Sunday, 30 November 2014

Christmas and the Gods

God coming and being involved in creation, with an emptying or divesting of the powers of godhead, and becoming an infant, small and vulnerable is at the heart of the Christmas message.

But the communion of gods and humans is not unknown in the Pagan world. Notoriously, of course, there is the story of Zeus and Leda, described in Apollodorus:

"Zeus in the form of a swan consorted with Leda, and on the same night Tyndareus cohabited with her; and she bore Pollux and Helen to Zeus, and Castor and Clytaemnestra to Tyndareus."

The meaning of the word "consorted" varies but the Greek carries overtones of seduction or rape. We are with the gods as described by the pre-Socratic philosopher Xenophanes, who critiqued these antics of the gods:

"Homer and Hesiod have attributed to the gods all sorts of things which are matters of reproach and censure among men: theft, adultery and mutual deceit."

Xenophanes went on to criticise how human beings created gods in their own image:

But mortals suppose that gods are born,
wear their own clothes and have a voice and body. (frag. 14)

Ethiopians say that their gods are snub-nosed and black;
Thracians that theirs are blue-eyed and red-haired. (frag. 16)

But if horses or oxen or lions had hands
or could draw with their hands and accomplish such works as men,
horses would draw the figures of the gods as similar to horses, and the oxen as similar to oxen,
and they would make the bodies
of the sort which each of them had. (frag. 15)

Xenophanes himself was not a monotheist, but tended towards monotheism:

One god is greatest among gods and men,
Not at all like mortals in body or in thought. (frag. 23)

This concept formed a foundation within Platonism and Neo-Platonism, where God was defined in terms far removed from the domain of human beings. This was a great god, a being above all beings, beyond the vices of mere mortals, a being apart, unchangeable, impassable,  not like "mortals in body or in thought".

Judaism approached the matter differently.
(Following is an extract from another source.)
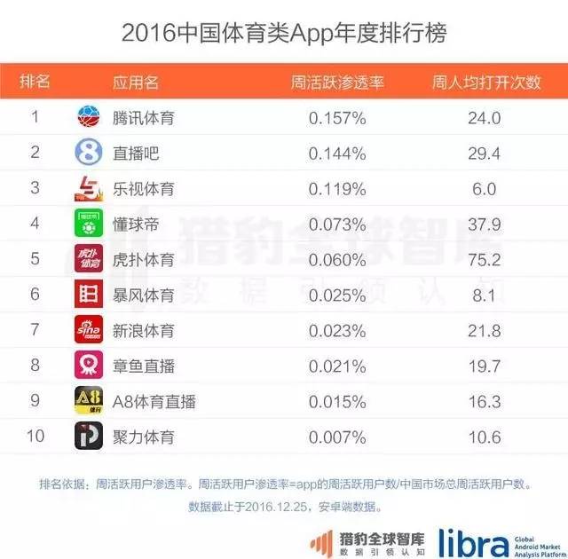 据公开资料显示,暴风体育目前每天更新的内容超过2000条,而今日头条能够取得今天的成绩正是依靠海量的信息源以及开放平台的支持,据猎豹全球智库2016中国体育类App年度排行榜显示,目前暴风体育排名第6,这对于一个去年9月才发布的App来说确实不易。

Humans were made in the "image of God", they may not have possessed attributes of divinity, but they reflected that image, however disfigured and scarred it might seem.  And their God was very different. Sometimes the texts present a God of blood, a God who orders slaughter, but there are later texts which tell the Israelites that God is not on their side, he is a God of justice and mercy, and if their society becomes corrupt, he will destroy it.

The experience of the Babylonian capture of Jerusalem and the exile led to a divergence between those who wanted to return to a mythical purity of the past, and those who saw God suffering with his people, and called for an end to empty sacrifices, and spoke of the suffering servant, where God was deeply involved with his creation and his people, not as a distant ruler, but as one who suffered and wept alongside them.

This is very different from the Greek perceptions of deity, of gods and goddesses in the splendour of Mount Olympus, or the philosopher's God, remote and abstract. And that background, within Judaism, is where the Christmas story comes in.

That is why I think the story resonates with us today. And it is all about story, and the power of story to present images of deity and infancy which are so powerful that they still find their way into nativity plays today.

It would perhaps be disingenuous to say that whether or not it happened doesn't matter. Christians believe very much that it was something happening in history as well as story, but the power of the narrative comes from story, and not theology. It is not creed but narrative, a story of God becoming an outcast from himself, living among those outcast at the edge of society.

We are, after all, story telling creatures, and it is stories that we need to draw on for strength, inspiration, understandings of the world. Where our focus becomes too narrow, and we lose sight of story, we may be very successful - as in business - but we lost something of what it is to be human.

Children instinctively respond to stories, and unless we become deadened by the everyday, the Christmas story still elicits a response in us. It is an ancient story enacted and retold with a wide appeal that speaks to the inner child, and can reawaken, for Christmas at least, that sense of wonder and mystery.

That is part of the lesson of Scrooge. As an anonymous quote puts it -" the successful man is the average man, focussed", and Scrooge was an average man, supremely focussed on his business, and very successful as a result, but forgetting that, as Marley reminded him, mankind should have been his business.